Votre fournisseur d’accès va aussi vous faire culpabiliser, sur demande du gouvernement

Pensez à lire vos mails sous la douche

 

L'Assemblée nationale a adopté ce mardi un amendement de la loi relative à la lutte contre le gaspillage. Celui-ci vise à « sensibiliser » les citoyens en imposant aux FAI de d'informer ses abonnés de l'équivalent en émission de gaz à effet de serre des données consommées.

« Cet amendement est une avancée importante qui nous permettra d’approfondir notre réflexion sur l’impact du numérique sur l’environnement », a indiqué la secrétaire d’État Brune Poirson lors de la séance de l’Assemblée nationale du 10 décembre 2019 concernant l’amendement 2529 du projet de loi relatif à la lutte contre le gaspillage. Son but est de sensibiliser les citoyens à leur hygiène numérique afin de réduire les émissions de gaz à effet de serre.

« Il vise à contraindre les fournisseurs d’accès au réseau d’informer les consommateurs de la quantité de données consommées ainsi que de leur équivalent en émissions de gaz à effet de serre, selon une méthodologie définie par l’ADEME, et ce, afin de mieux prendre en compte l’impact du numérique sur l’environnement », explique Mme Véronique Riotton, rapporteure.

Regarder Netflix tue la planète

Dans l’idée, plus de transparence est toujours une bonne chose et permet de mieux se rendre compte de l’impact écologique que peuvent avoir nos nouvelles façons de consommer du contenu. C’est plus ou moins l’équivalent d’une grosse étiquette noire apposée à votre facture internet sur laquelle il y aurait marqué « regarder Netflix tue la planète », avec la photo d’un arbre mort au milieu du désert, sauf qu’il s’agirait d’un chiffre, représentant l’équivalent en CO2 de votre consommation de données numériques.

À ceci près que le calcul serait effectué via une méthodologie définie par l’ADEME — non précisée –, ce qui ne dit pas si elle prend en compte ou non les évolutions techniques du réseau. Il est certain en tout cas que ce calcul ne prendrait en compte que les données consommées sur un intervalle de temps et non les données entreposées, qui génèrent également des gaz à effet de serre (les mails non lus, les services de stockage dans le cloud, etc.).

Faites attention à ce que vous faites

Le calcul d’équivalence « sans difficulté » est ici comparé par Mme Paula Forteza, membre de la commission des lois, à celui des trajets en train ou en avion. Un point qui entre en contradiction avec les propos de Mme Véronique Riotton qui affirme, lorsqu’il est question de « demander aux fournisseurs d’accès à internet d’établir un bilan annuel de leur consommation totale de données numériques et de ses impacts environnementaux », que « nous nous heurtons à la difficulté de mesurer selon une méthode fiable ». Deux poids, deux mesures.

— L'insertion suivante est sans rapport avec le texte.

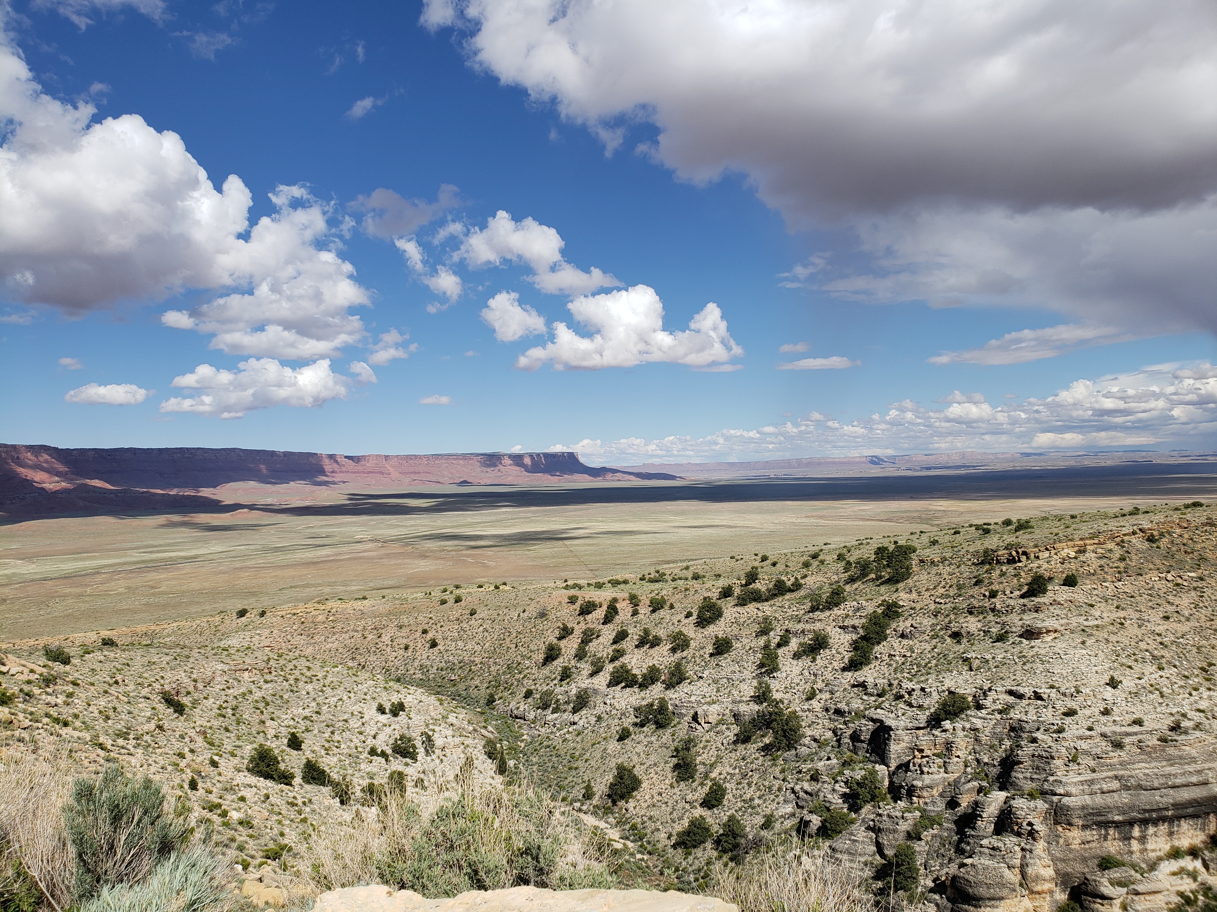 Below us, the grand Northern Arizona landscape revealed itself. To the west was the high plateau holding the south rim of the Grand Canyon, with sharp cliffs dropping off its east side. To the east shorter cliffs and mesas lined the horizon, and our road led us straight between the two, seemingly endlessly into the desert.

La culpabilité sur les utilisateurs

S’il est vrai qu’il faut « sensibiliser nos concitoyens à l’impact de leur consommation numérique », selon les mots de la secrétaire d’État, alors qu’Internet consomme aujourd’hui plus de 10 % de l’électricité mondiale, préciser qu’« il n’est absolument pas question, au travers d’une meilleure information du consommateur, de pénaliser nos entreprises, bien au contraire » tend à faire reposer tout le poids du réchauffement climatique sur les usagers sans chercher un moyen d’en atténuer les effets.

Chercher à pousser les FAI et opérateurs à optimiser leurs infrastructures pour réduire leur production de gaz à effet de serre ou taxer les données consommées seraient des mesures certainement plus efficaces, mais qui feraient davantage de mécontents. Ce n’est pas tout de se donner bonne conscience, il faut le faire dans le respect des lobbys.